We review the district court’s factual findings for clear error and its legal conclusions de

novo. See Tucker by Tucker v. Calloway Cty. Bd. of Educ., 136 F.3d 495, 503 (6th Cir. 1998).

A.

Barney primarily claims that the school district violated the Act’s procedural provisions in

various ways. To obtain relief for a procedural violation, Barney must show that the violation

caused “substantive harm” to her or to J.B. Deal v. Hamilton Cty. Bd. of Educ., 392 F.3d 840, 854

(6th Cir. 2004).

Barney argues that the school district repeatedly deprived her of “a meaningful opportunity

to participate” in the process of developing J.B.’s educational program. Id. at 858-59. Specifically,

Barney says that the school district failed to ensure that she understood J.B.’s program, decided

how to address J.B.’s allergy without her input, and impermissibly delayed its 2014 reevaluation

of J.B.’s disabilities. But Barney does not identify any part of J.B.’s educational program that she

did not understand. Nor does she explain how these alleged violations affected J.B.’s education.
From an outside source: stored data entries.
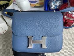 爱马仕康斯坦斯包价格 Britain Hermes Constance 19cm Epsom 7R azur 雾霾蓝 银扣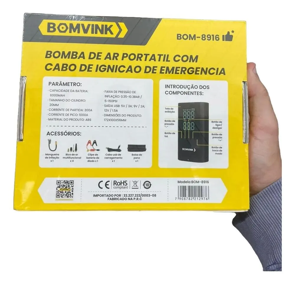 A Bomba de Ar Portátil Bomvink BOM-8916 foi desenvolvida para oferecer suporte em situações de emergência e manutenção básica de veículos. Compacta e fácil de transportar, ela permite inflar pneus de forma prática, sendo uma excelente aliada para motoristas no dia a dia ou em viagens.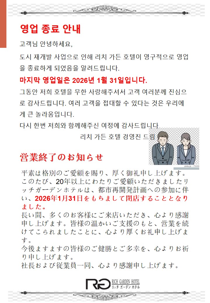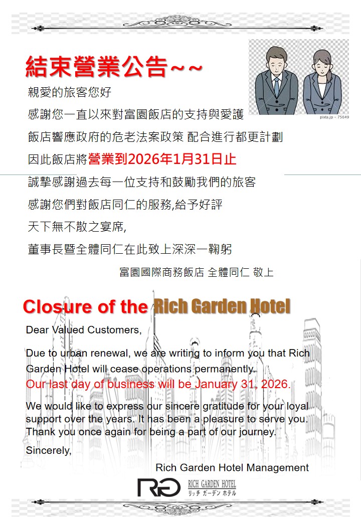 親愛的旅客您好 感謝您一直以來對富園飯店的支持與愛護 飯店響應政府的危老法案政策 配合進行都更計劃 因此飯店將營業到2026年1月31日止

Barney thus cannot show that she or J.B. suffered any “substantive harm” from these alleged

wrongs. See id. at 854.

Barney next argues that the school district violated the Act by failing to provide copies of

J.B.’s educational records, which in turn prevented her from obtaining an independent expert’s

opinion about the adequacy of J.B.’s program. See Schaffer ex rel. Schaffer v. Weast, 546 U.S. 49,

60-61 (2005). But the record belies this argument. During the administrative proceedings, Barney

conceded that she had received these records prior to the first hearing. [R. 1-2, Pg. ID 12; R. 1-4,

-3- No. 17-4116, Barney v. Akron Bd. of Educ.

Pg. ID 89.] And she fails to explain how any delay in obtaining those records prevented her from

seeking an expert opinion.

Barney also argues that the district violated the Act by failing to consider whether J.B.
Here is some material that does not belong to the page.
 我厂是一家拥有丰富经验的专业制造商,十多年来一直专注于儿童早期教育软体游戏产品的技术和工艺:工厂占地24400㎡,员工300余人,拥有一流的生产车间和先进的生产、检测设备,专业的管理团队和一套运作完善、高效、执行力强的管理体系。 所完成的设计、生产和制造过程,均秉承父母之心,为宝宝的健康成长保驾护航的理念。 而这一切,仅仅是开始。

would benefit from an extended school year. See Bd. of Educ. of Fayette Cty., Ky. v. L.M., 478

F.3d 307, 314-15 (6th Cir. 2007). But the record shows that Barney attended a meeting where

school officials did discuss an extended school year, and that she said nothing when they decided

that J.B. was not eligible for those services. [Admin. R. Ex. 11, Pg. 11; Tr., Pg. ID 323.] Hence

Barney has not shown that the district violated the Act on this ground.

Finally, Barney argues that the school district violated the Act’s mandate to educate J.B. in

the “least restrictive environment”—that is, to educate J.B. “alongside non-disabled children to the

maximum extent appropriate[.]” McLaughlin v. Holt Pub. Sch. Bd. of Educ., 320 F.3d 663, 671-

72 (6th Cir. 2003). In support of that argument, Barney asserts that she had to drive J.B. to a field

trip, which isolated J.B. from his classmates who traveled on a school bus. But Barney herself

insisted on driving J.B. out of fear that he might be exposed to peanut butter on the bus. She cannot

blame the school district for her own decision to separate J.B. from his peers. Cf. Doe By &

Through Doe v. Def. I, 898 F.2d 1186, 1192 (6th Cir. 1990).

B.

Barney also challenges the substance of J.B.’s educational program. “To meet its

substantive obligation under the Act, a school must offer an [educational program] reasonably

calculated to enable a child to make progress appropriate in light of the child’s circumstances.”

Endrew F. ex rel. Joseph F. v. Douglas Cty. Sch. Dist. RE-1, 137 S.